** Opening Available data block **
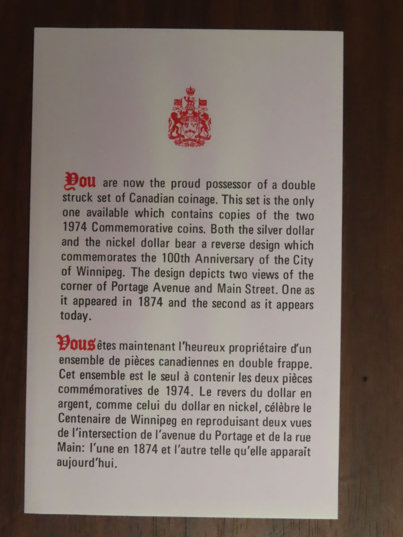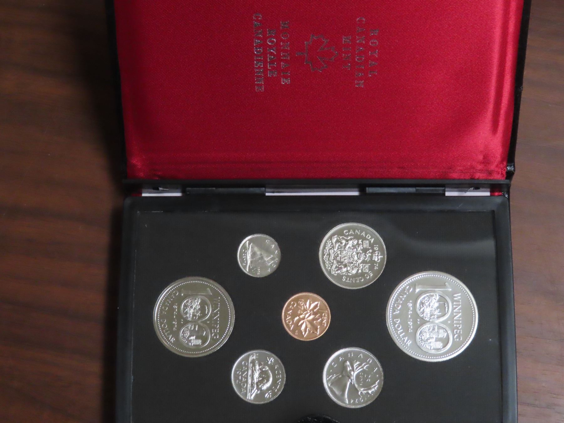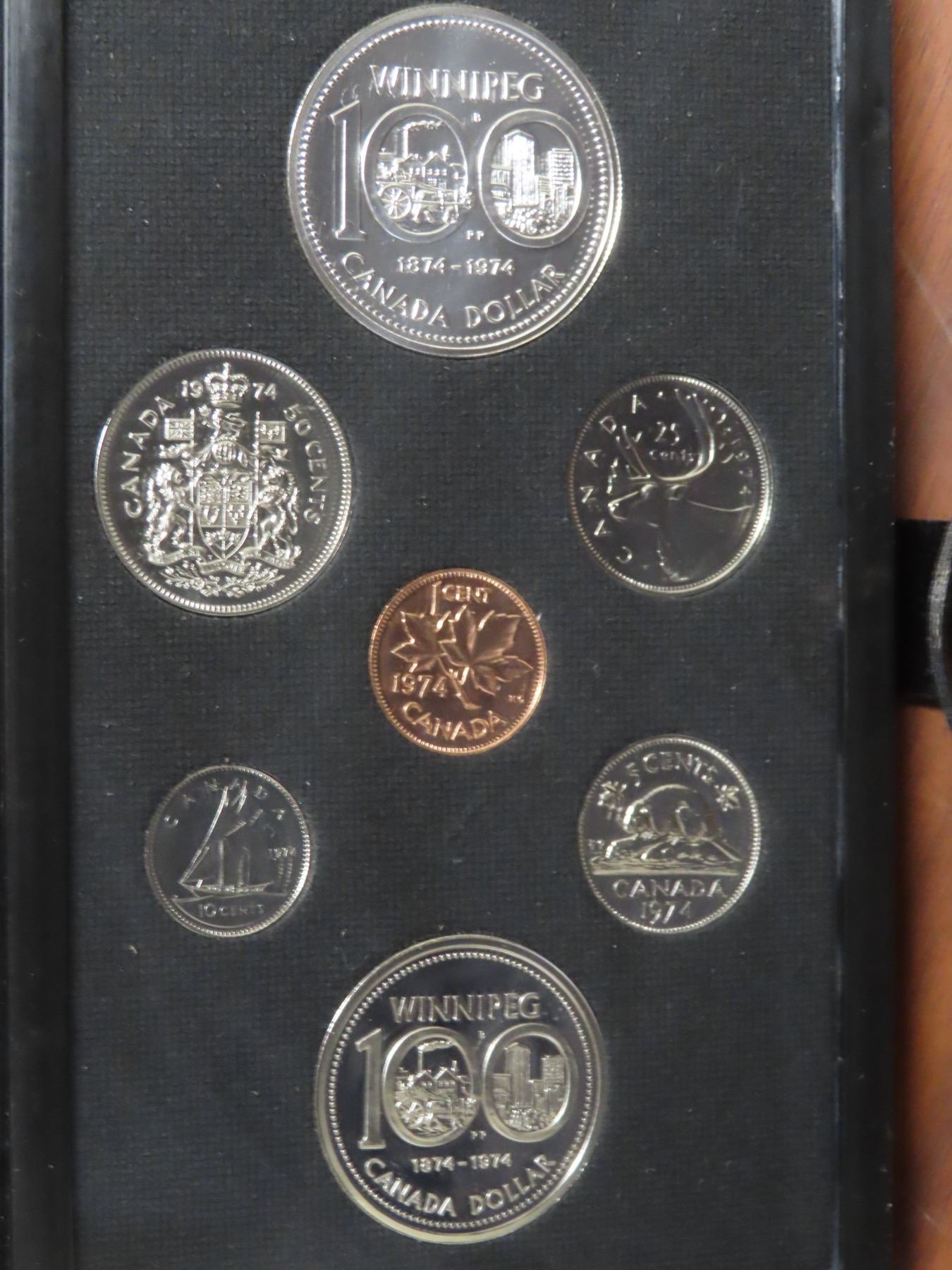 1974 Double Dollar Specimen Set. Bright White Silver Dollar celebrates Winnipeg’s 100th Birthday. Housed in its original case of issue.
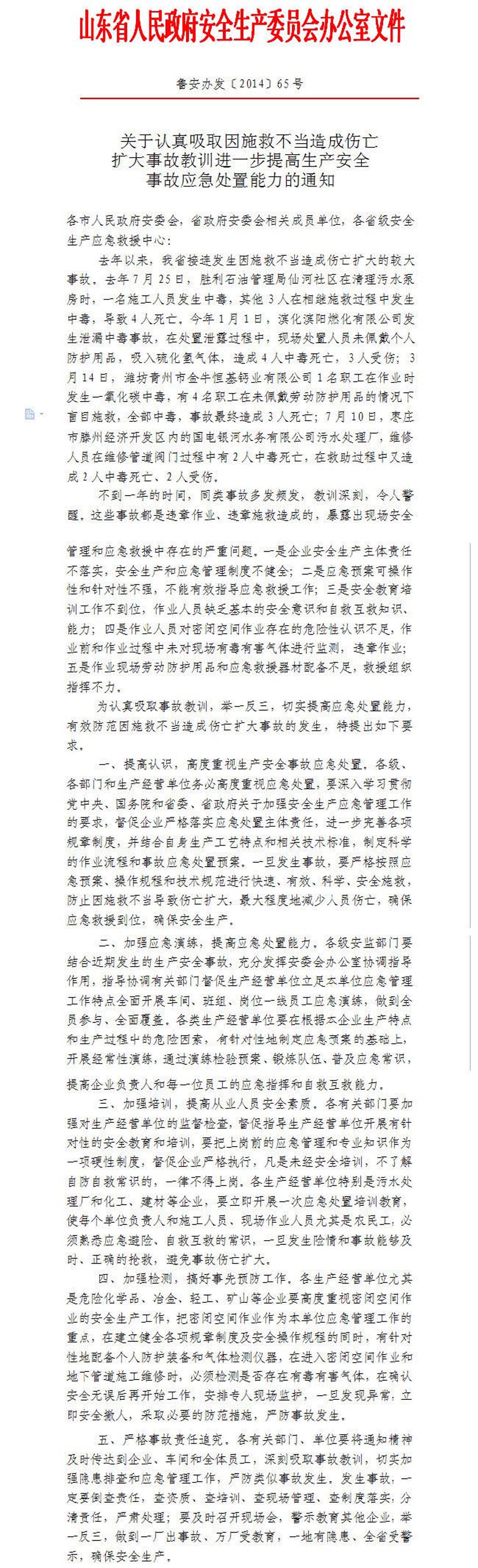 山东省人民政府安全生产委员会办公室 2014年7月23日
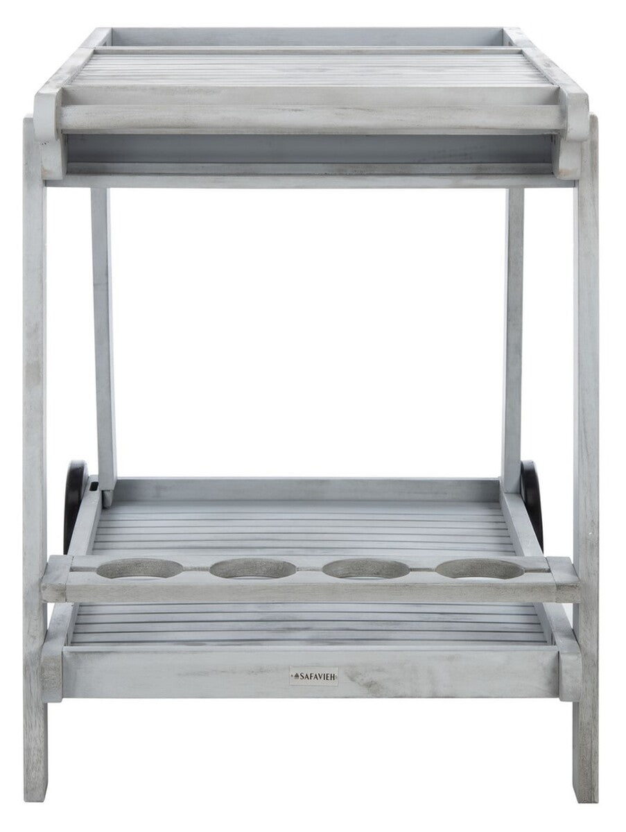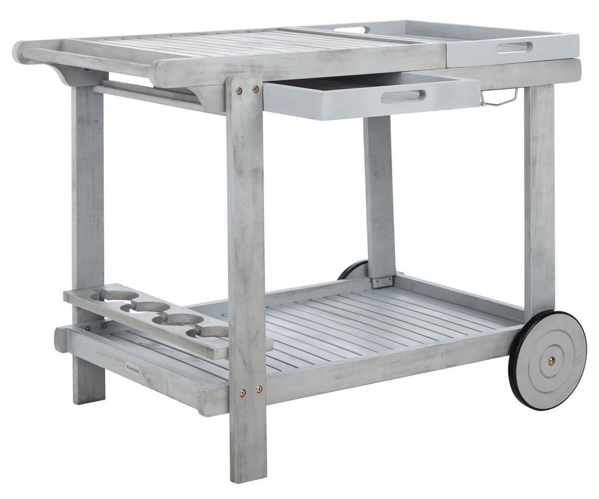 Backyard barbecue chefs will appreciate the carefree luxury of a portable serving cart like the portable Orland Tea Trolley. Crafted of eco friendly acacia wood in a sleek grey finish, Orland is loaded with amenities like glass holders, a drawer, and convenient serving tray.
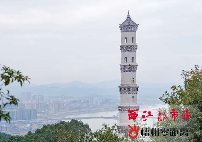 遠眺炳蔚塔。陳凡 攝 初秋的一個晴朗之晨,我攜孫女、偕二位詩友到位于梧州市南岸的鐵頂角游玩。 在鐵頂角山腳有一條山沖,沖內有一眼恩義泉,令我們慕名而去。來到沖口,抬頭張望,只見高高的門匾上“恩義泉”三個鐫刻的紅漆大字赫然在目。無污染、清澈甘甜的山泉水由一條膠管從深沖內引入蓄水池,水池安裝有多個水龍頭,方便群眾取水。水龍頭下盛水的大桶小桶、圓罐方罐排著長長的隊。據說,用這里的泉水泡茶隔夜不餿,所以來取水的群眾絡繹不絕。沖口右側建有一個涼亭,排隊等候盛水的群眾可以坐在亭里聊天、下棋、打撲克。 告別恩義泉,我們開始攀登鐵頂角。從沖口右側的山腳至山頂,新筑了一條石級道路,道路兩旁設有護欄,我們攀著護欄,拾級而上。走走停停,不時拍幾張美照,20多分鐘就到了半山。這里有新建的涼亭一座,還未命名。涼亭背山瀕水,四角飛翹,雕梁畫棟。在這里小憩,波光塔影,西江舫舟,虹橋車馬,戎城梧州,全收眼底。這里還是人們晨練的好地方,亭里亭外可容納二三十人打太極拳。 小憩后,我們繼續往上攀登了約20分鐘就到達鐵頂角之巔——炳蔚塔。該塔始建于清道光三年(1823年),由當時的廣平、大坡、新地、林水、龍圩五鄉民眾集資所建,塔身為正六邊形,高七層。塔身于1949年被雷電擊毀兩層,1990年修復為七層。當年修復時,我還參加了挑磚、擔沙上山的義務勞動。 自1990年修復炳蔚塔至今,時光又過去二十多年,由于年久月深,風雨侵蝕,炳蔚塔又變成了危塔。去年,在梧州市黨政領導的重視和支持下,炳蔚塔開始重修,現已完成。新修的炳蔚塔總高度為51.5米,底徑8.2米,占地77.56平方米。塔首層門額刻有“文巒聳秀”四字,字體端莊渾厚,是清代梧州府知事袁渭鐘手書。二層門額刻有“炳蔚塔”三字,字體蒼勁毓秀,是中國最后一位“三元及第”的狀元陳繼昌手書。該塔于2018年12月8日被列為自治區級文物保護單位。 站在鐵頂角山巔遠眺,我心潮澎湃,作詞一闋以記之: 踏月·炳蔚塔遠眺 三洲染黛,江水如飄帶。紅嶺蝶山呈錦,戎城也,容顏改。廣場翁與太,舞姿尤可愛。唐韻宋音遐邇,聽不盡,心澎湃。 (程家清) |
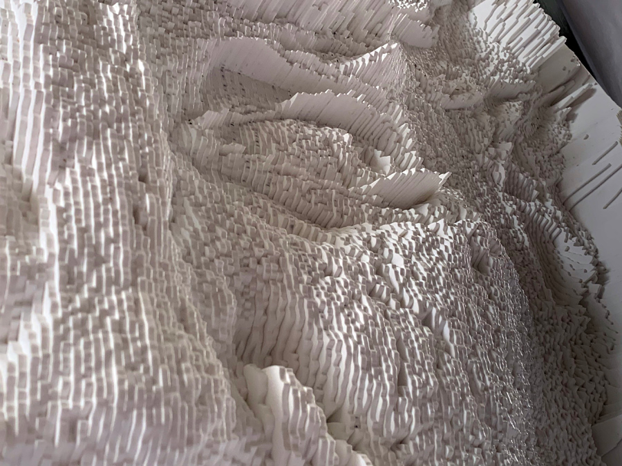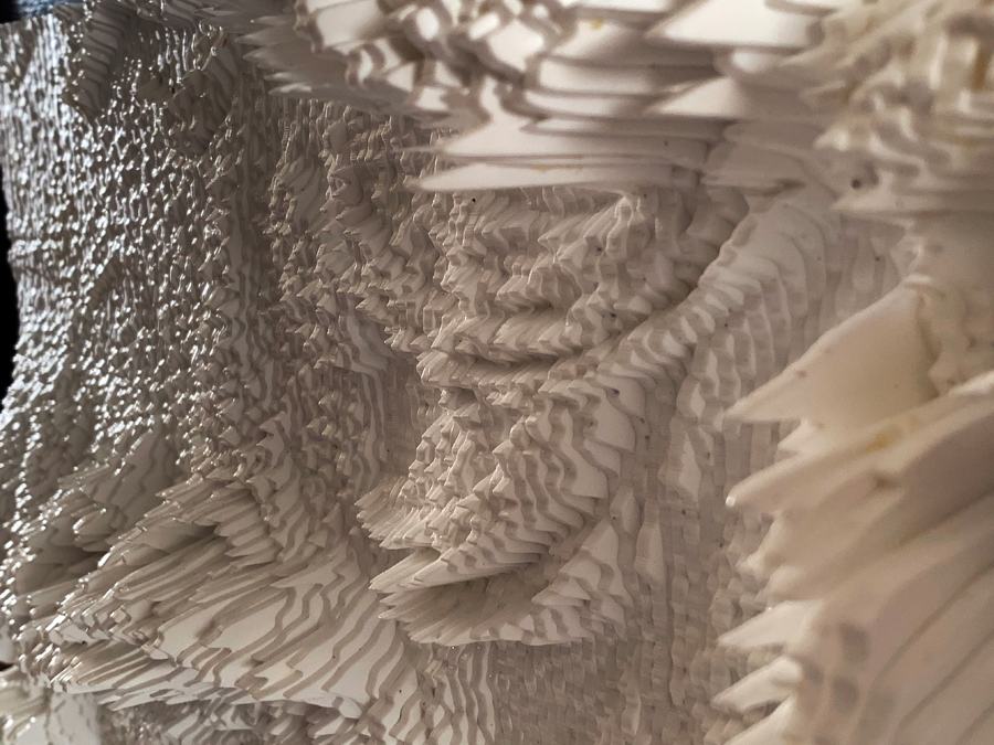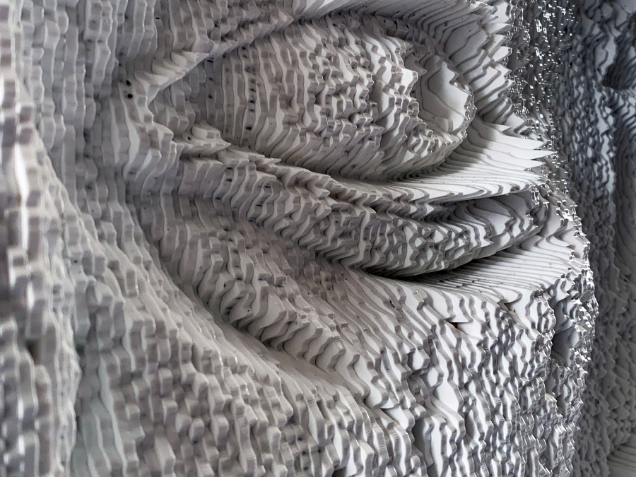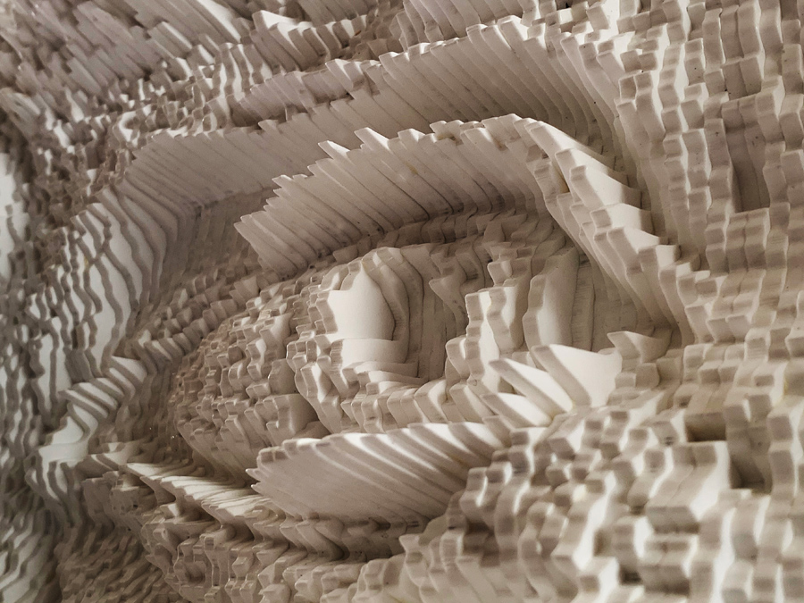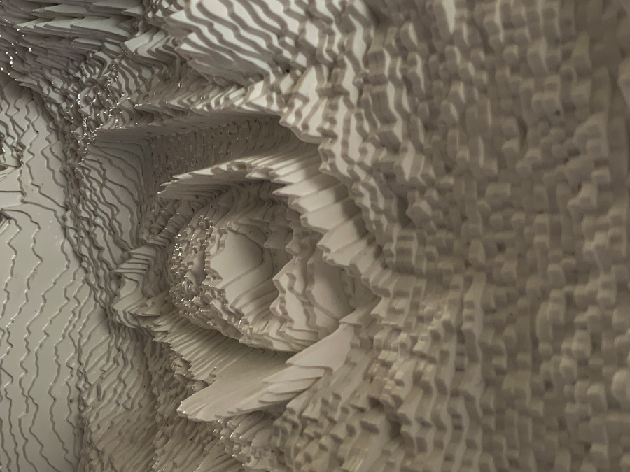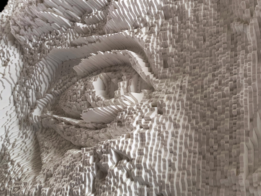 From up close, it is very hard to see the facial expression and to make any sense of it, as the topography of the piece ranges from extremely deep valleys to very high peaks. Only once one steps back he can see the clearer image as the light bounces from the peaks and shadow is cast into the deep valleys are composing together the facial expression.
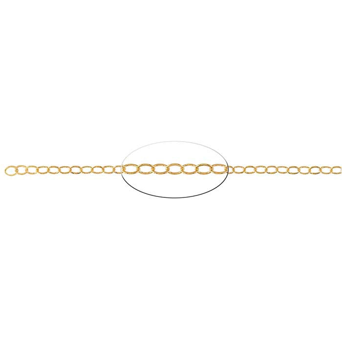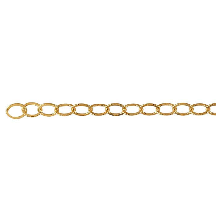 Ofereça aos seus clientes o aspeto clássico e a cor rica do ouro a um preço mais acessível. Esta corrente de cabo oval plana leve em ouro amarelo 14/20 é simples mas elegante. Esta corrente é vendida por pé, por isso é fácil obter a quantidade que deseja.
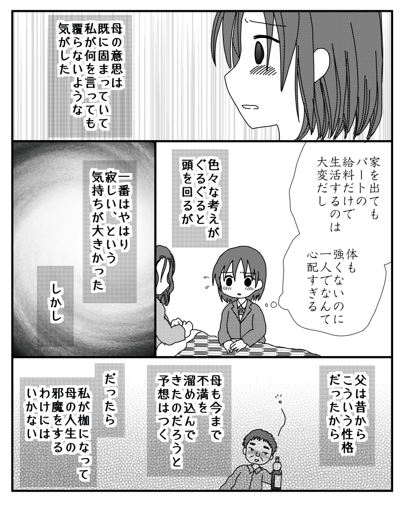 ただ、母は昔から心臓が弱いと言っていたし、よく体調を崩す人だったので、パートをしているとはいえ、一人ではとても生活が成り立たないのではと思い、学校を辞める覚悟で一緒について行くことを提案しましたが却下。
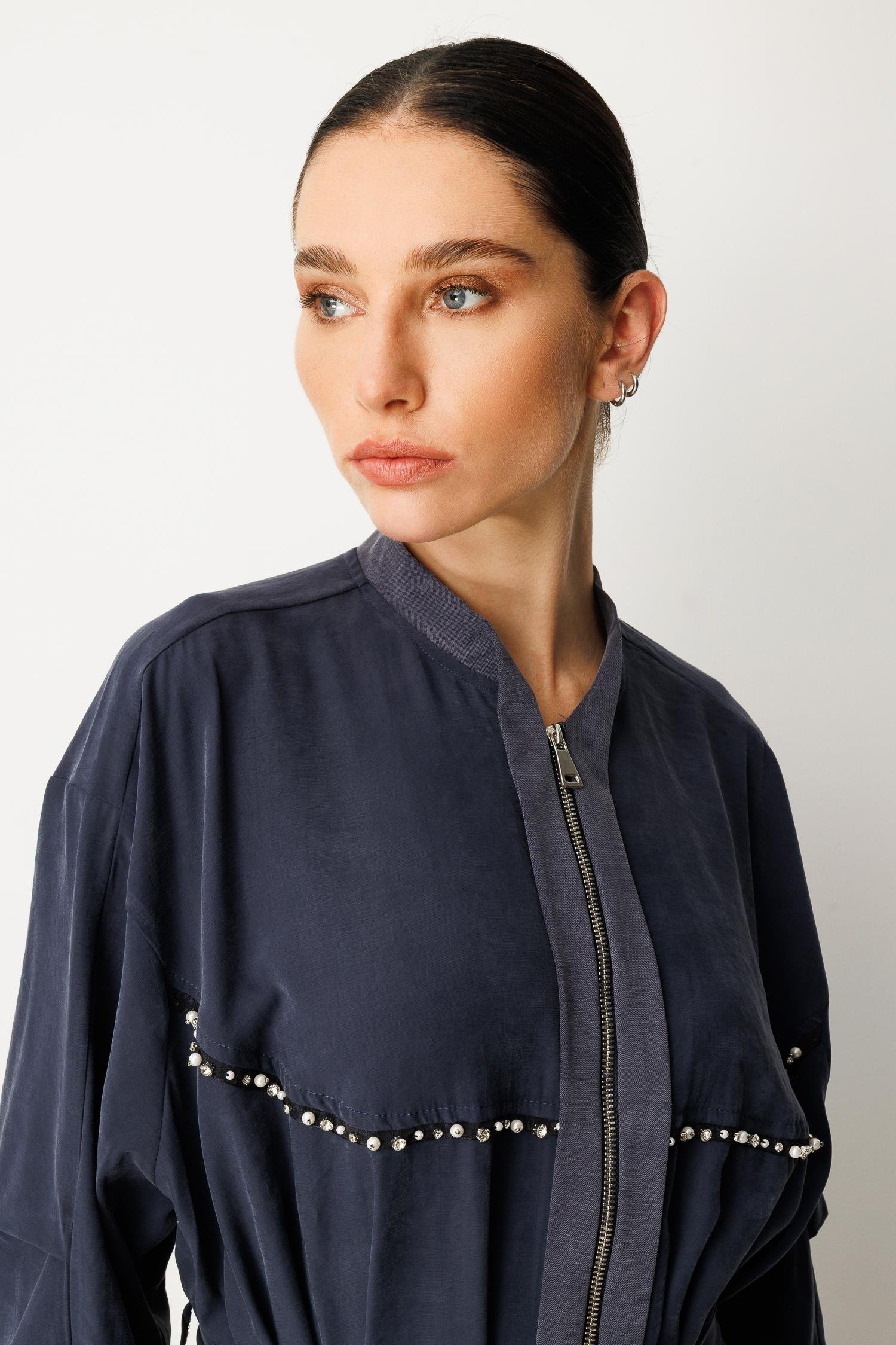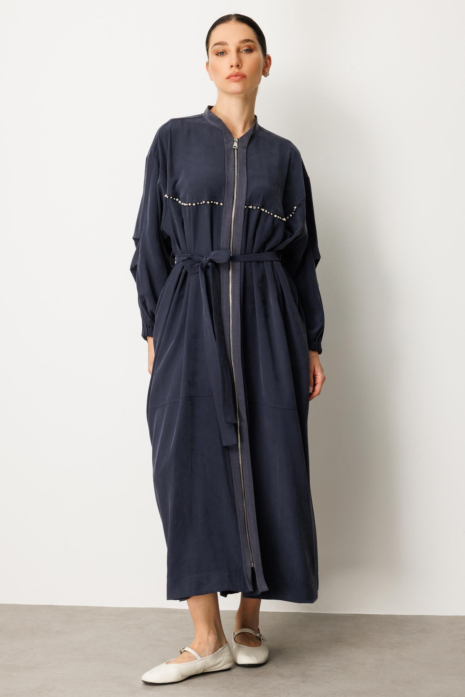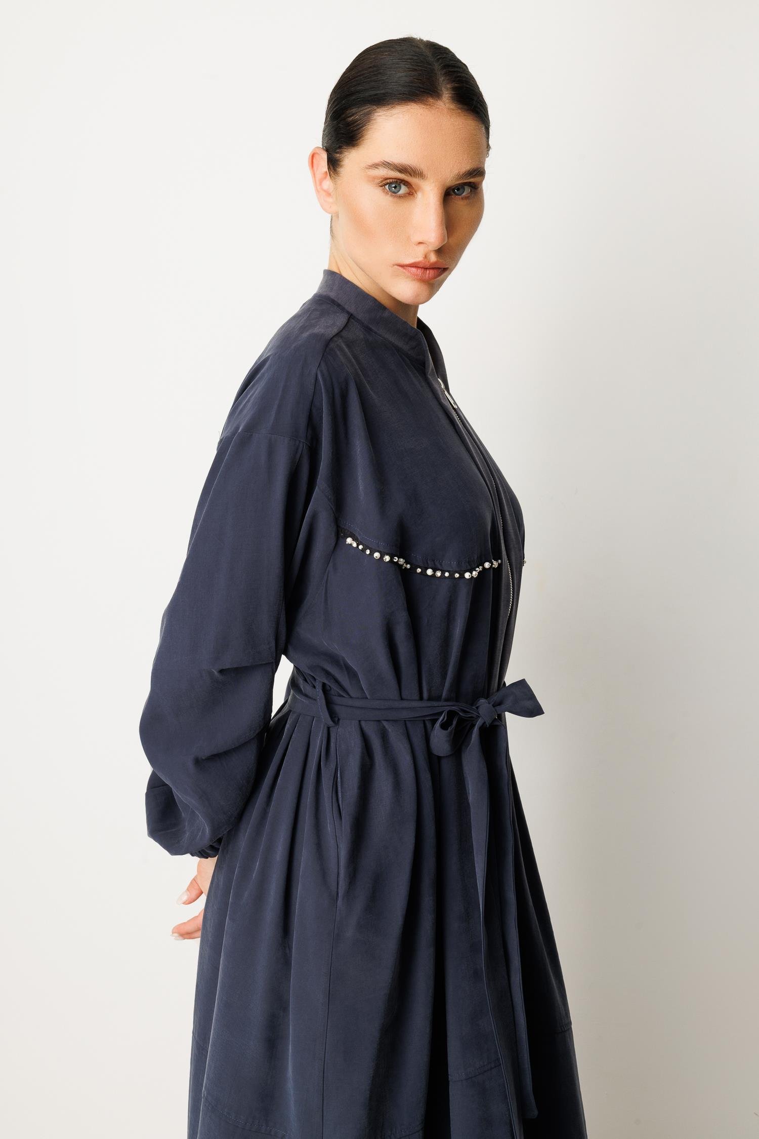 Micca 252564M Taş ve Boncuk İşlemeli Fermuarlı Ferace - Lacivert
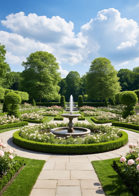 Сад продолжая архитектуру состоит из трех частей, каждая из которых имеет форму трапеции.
** Closing Available data block **
Take the line containing "Micca 252564M Taş" as the first line and the last line of the data above as the final one, and output exactly the lines between them, inclusive, with no pictures.

 Micca 252564M Taş ve Boncuk İşlemeli Fermuarlı Ferace - Lacivert
 Сад продолжая архитектуру состоит из трех частей, каждая из которых имеет форму трапеции.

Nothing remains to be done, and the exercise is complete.